## Your goal
Below are several records. Retype exactly those lines running from the one with "Charlie + Co branding." through the one with "Lactaires à chapeaux", end lines included, and no others.

## Data in this exercise
-=-=-
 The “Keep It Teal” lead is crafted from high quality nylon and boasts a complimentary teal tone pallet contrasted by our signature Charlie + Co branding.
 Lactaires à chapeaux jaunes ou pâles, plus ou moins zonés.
-=-=-
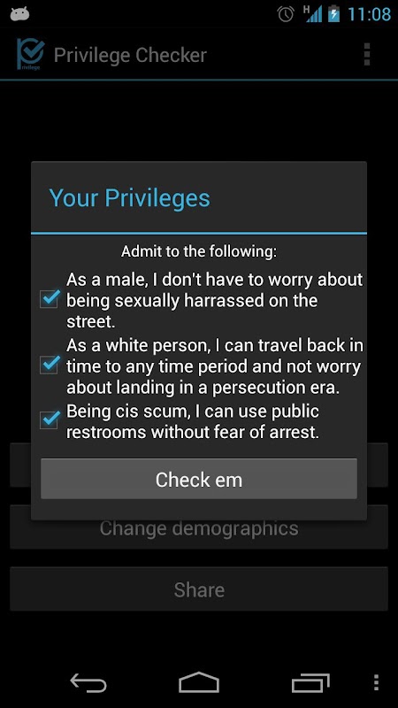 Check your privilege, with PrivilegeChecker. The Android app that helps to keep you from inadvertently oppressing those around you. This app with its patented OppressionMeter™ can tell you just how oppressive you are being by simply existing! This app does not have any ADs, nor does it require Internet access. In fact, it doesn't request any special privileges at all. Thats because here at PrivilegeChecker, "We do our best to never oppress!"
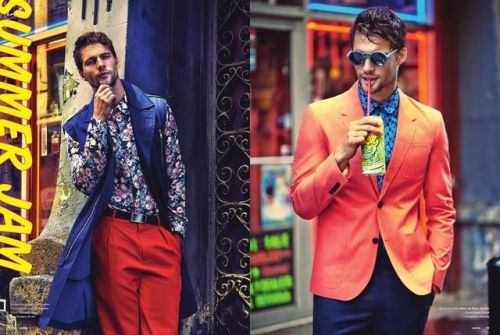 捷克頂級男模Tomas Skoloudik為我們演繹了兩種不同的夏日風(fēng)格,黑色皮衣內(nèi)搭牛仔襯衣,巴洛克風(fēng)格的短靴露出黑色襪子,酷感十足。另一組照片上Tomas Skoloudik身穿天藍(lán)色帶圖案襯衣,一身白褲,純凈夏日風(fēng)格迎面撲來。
-=-=-
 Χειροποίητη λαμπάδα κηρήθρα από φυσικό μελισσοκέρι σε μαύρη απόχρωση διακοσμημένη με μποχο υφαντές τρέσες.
-=-=-
## Solution to the exercise
 The “Keep It Teal” lead is crafted from high quality nylon and boasts a complimentary teal tone pallet contrasted by our signature Charlie + Co branding.
 Lactaires à chapeaux jaunes ou pâles, plus ou moins zonés.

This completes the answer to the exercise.